Silly question from me. When can I expect my music? Well, if they have one in the studio - about two weeks from next Tuesday. Is it me or is this rather odd? Perhaps, they only mail things on Tuesday.  At any rate, Invisible Person that I am, I got a rather vague apology and no promise of any particular help. I mentioned that this was not a great way to do business and got a pretty darned soggy, "Sorry."

And my husband just walked in the door and gave me a second Invisible Instance - just today. He'd been to the eye doctor. He has been seeing this doctor for several years now, in fact, ever since he opened the practice. The receptionist asked my husband a long list of questions which he answered (with a degree of irritability, not understanding why he was telling her things she must already know). When she came to the last one - "How did you hear about us?" - he realized that she thought he was a new patient. She hadn't found his file. Really!? Invisibility strikes again.

Anyhow, I find that this dread disease seems to attack me more and more often. I think I'm actually fading because it couldn't be that the current customer service mentality is not so much about service, as it is about getting you off the phone, could it? For any of you who also have this affliction, I wish you well and you'll receive the gift for your generous donation seven to ten days from next Tuesday.

April 2, 2014

Guest blogger - Mia Marie Rafield

I have a very special blog today. My great-niece, Mia Maria Rafield, has written a short story. Mia was visiting Mimi and Poppy's house where she discovered an actual, old-fashioned typewriter. She was intrigued, deeming it "fascinating". Mia mastered the operation of the machine in no time and began to write.

Mia is in the second grade and loves to read, read, read. But she's not only a bookworm. Mia also has her yellow belt in karate, is a Daisy Scout, loves archery and climbing, and they haven't invented an amusement park ride that she won't go on. And I have to add that she's cute as a bug!

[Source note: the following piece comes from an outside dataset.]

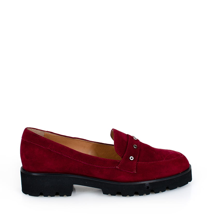 JOANNA –  Ciemne, czerwone półbuty na czarnym „traperku”, w stylu mokasyn. Buty wykonane z naturalnej skóry zamszowej. Niski obcas gwarantuje wygodne użytkowanie nawet przez cały dzień. Tęgość butów: F 1/2. Wnętrze butów i wkładka wykonane są ze skóry naturalnej.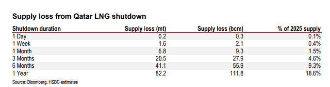 从供应损失的量级来看,汇丰测算如下:停产一个月损失约680万吨,三个月损失约2050万吨,六个月则高达约4110万吨,分别相当于2025年全球LNG年贸易量的1.5%、4.6%和9.3%。

I have re-typed the entire story and letter here with a bit of editing (spelling and punctuation only, the text is all Mia's). I hope you enjoy this budding author's work as much as I did.

Dear Aunt Penny,
Please publish my story - I have been working on this for 5 years, I mean minutes, and I think you understand. So anyway please publish my story.
Love Mia Marie Rafield

Wednesday March 12 2014

In the beginning of the day, well I guess it was not so great of a morning. My Nana told me that if I did not fold my clothes and clean my room and take everything off of my hangers that I could not go to Mimi's and Poppy's house. That made me sad.

So I rushed right in to my room and got to work.

20 minutes later the doorbell rings. I got my socks and shoes, got my bags and stood at the door. But when I opened the door it was my brothers' baby sitter. I got my brother and gave him to her, I said good bye. I shut the door and waited on the sofa.

10 minutes later the door bell rings again. This time was sure it was them. And it was. I was so excited!